Description of problem: Using the following configuration where the proxy IP is invalid (to test that nothing really tries to use it): openshift_http_proxy=http://10.10.10.10:8080 openshift_https_proxy=http://10.10.10.10:8080 openshift_no_proxy=registry.example.com openshift_generate_no_proxy_hosts=True This leads to installation failure on containerized 3.5, node container/service won't start: I0616 11:52:33.236370 19986 start_node.go:250] Reading node configuration from /etc/origin/node/node-config.yaml F0616 11:53:03.246969 19986 start_node.go:139] cannot fetch "default" cluster network: Get https://lb.test.example.com:8443/oapi/v1/clusternetworks/default: http: error connecting to proxy http://10.10.10.10:8080: dial tcp 10.10.10.10:8080: i/o timeout Also, on the etcd container there are errors: 2017-06-16 12:50:30.483903 E | rafthttp: failed to dial 284945f473024b5b on stream Message (dial tcp 192.168.200.149:2380: getsockopt: connection refused) 2017-06-16 12:52:56.036837 E | rafthttp: failed to dial 683d77bc33ccbbe0 on stream Message (peer 683d77bc33ccbbe0 failed to find local node db8b5c1ad6077b1b) 2017-06-16 13:00:11.382006 E | etcdserver/api/v2http: etcdserver: request timed out, possibly due to previous leader failure 2017-06-16 13:00:12.800166 E | etcdserver/api/v2http: etcdserver: request timed out, possibly due to previous leader failure [merged 1 repeated lines in 1.42s] So it looks like NO_PROXY is not properly setup / propagated everywhere.
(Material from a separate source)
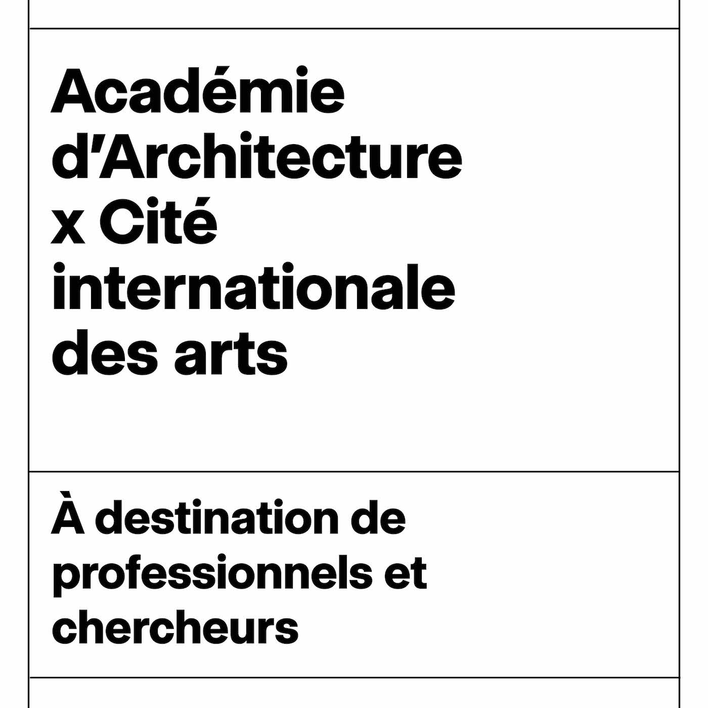 Chaque année, le programme Académie d’architecture x Cité internationale des arts donne l’opportunité à une dizaine de professionnels et de chercheurs de tous pays, dont les travaux portent sur l’architecture, l’urbanisme, le patrimoine et l’espace en général de venir en résidence à la Cité. Ce programme vise à soutenir leur carrière en leur permettant de développer un projet personnel et de tisser des liens dans le cadre multiculturel de la Cité internationale des arts.

Version-Release number of selected component (if applicable): openshift-ansible-playbooks-3.5.78-1.git.0.f7be576.el7.noarch
We don't configure etcd hosts for proxies. Is this something you've done manually? The expectation is that etcd hosts are all peers and should never need a proxy to reach each other. Can you please provide /etc/etcd/etcd.conf? thanks
Also, why can't your node reach the proxy? F0616 11:53:03.246969 19986 start_node.go:139] cannot fetch "default" cluster network: Get https://lb.test.example.com:8443/oapi/v1/clusternetworks/default: http: error connecting to proxy http://10.10.10.10:8080: dial tcp 10.10.10.10:8080: i/o timeout
Can you please provide /etc/sysconfig/{etcd,atomic-openshift-node,atomic-openshift-master} Also, this does not happen in RPM based installs?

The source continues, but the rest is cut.